A Bridge for Caregivers
Through a combination of individualized counseling, skill training, health and resilience workshops and monthly lectures, the DCSP serves as a sort of bridge — guiding caregivers to the skills, strategies and resources they’ll need to proactively manage situations as the disease progresses. Focus areas include how to better communicate with patients with brain disease, how to manage challenging behaviors, and preventative safety measures.
“Because of the whirlwind nature of this disease, people are less likely to ask for help because they don’t know what kind of help they need,” says Judy Johanson, who now works with Mass General’s Alzheimer’s Disease Research Center and works in collaboration with the DCSP. “To adjust and find hope in hidden places, you need support and guidance from people who have direct experience in this disease. You’re not alone, and you don’t have to do it alone.”
“The first step toward creating a dementia-friendly hospital is treating every case as a patient and a caregiver.”
Looming Alzheimer’s Crisis
Alzheimer’s disease is the sixth leading cause of death in the U.S. It also ranks among the costliest. According to the Alzheimer’s Association, the average cost of care for a dementia patient in the last five years of life is 80% higher than for patients with cancer or heart disease. Alzheimer’s patients are also more likely to visit the emergency room, more likely to be readmitted within 30-days, and more likely to die after hospitalization than people without dementia.

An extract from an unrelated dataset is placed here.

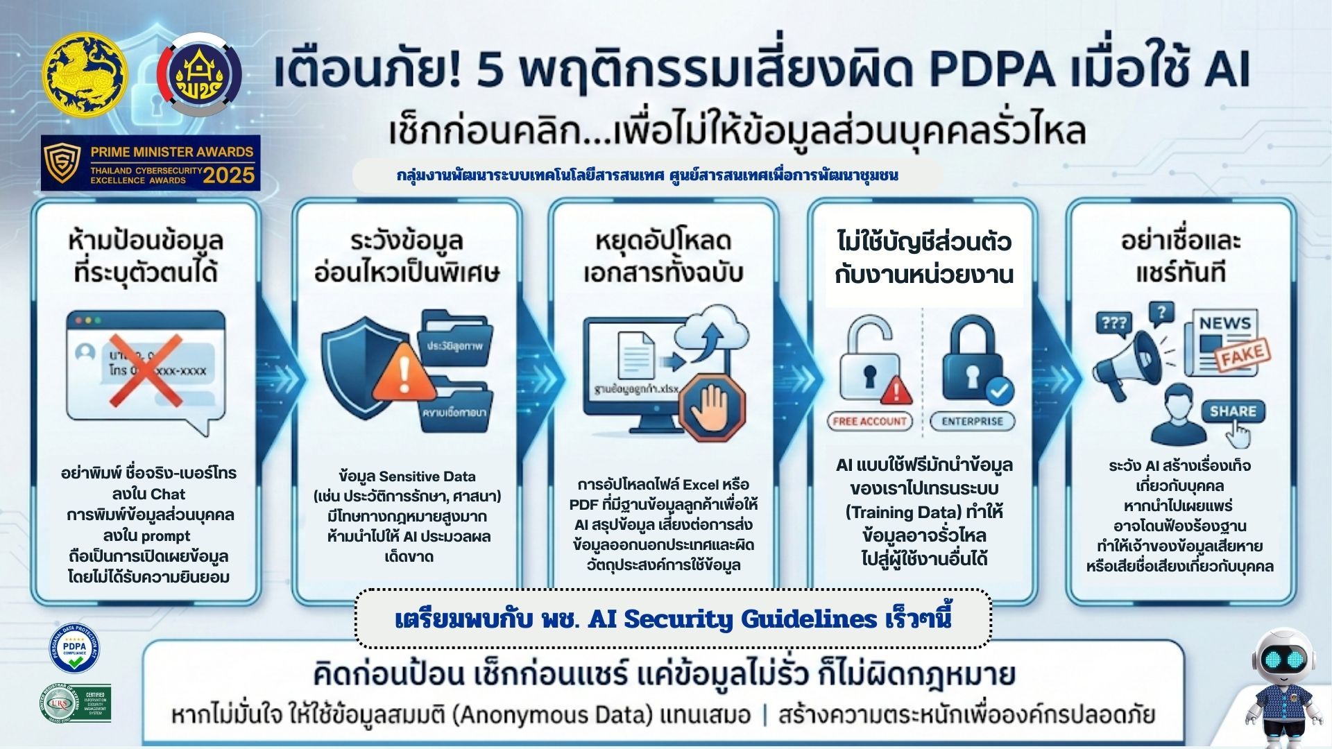 📌 เซฟเก็บไว้เลย! โพยกันพลาดสำหรับชาว พช. 🏢 ใช้ AI ช่วยทำงานยังไง? ให้เก่งด้วยและ 'ไม่ผิด PDPA' 5 ข้อปฏิบัติง่ายๆ เพื่อความปลอดภัยของข้อมูลคุณและองค์กร ✅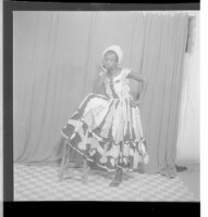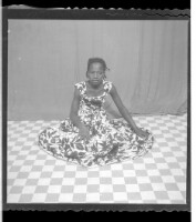 398. EAP449/2/9/398 Reference (shelfmark): EAP449/2/9/398 Title: A woman wearing a large dress sitting face-forward on the ground in the studio. Collection Area: Endangered Archives Programme Languages: Not applicable Date Range: 2nd half od the 20th century Extent: 1 TIFF image

With Alzheimer’s diagnoses expected to more than double by 2050, healthcare workers are looking for new ways to stave off this looming crisis. The DCSP is part of Mass General’s comprehensive approach to dementia care that links specialists in neurology, psychiatry and geriatrics, with primary care providers, to support the patient and caregiver.
“The first step toward creating a dementia-friendly hospital is treating every case as a patient and a caregiver,” Ms. Rowlett says.
Hopes for Philanthropy
The DCSP was launched in 2015 at the urging of Roman DeSanctis, MD, director emeritus of Clinical Cardiology at Mass General. Dr. DeSanctis recognized the importance of providing assistance to caregivers and families after nursing his own wife through late-stage Alzheimer’s. With Dr. DeSanctis’s help, the program secured generous funding from the Jack Satter Foundation.
“We are so fortunate to have partners like Dr. DeSanctis and the Jack Satter Foundation,” says Vicki Jackson, MD, MPH, chief of the Division of Palliative Care and Geriatric Medicine at Mass General. “With their support, proactive interventions like the Dementia Caregivers Support Program can help shift the paradigm of Alzheimer’s care and make a real impact on quality of life for patients and their families.”
The DCSP is available at Mass General, but Ms. Rowlett is hopeful that with additional funding, the caregiver program can expand its offerings, help more families and eventually be adopted across all hospital departments, inpatient services and community health centers.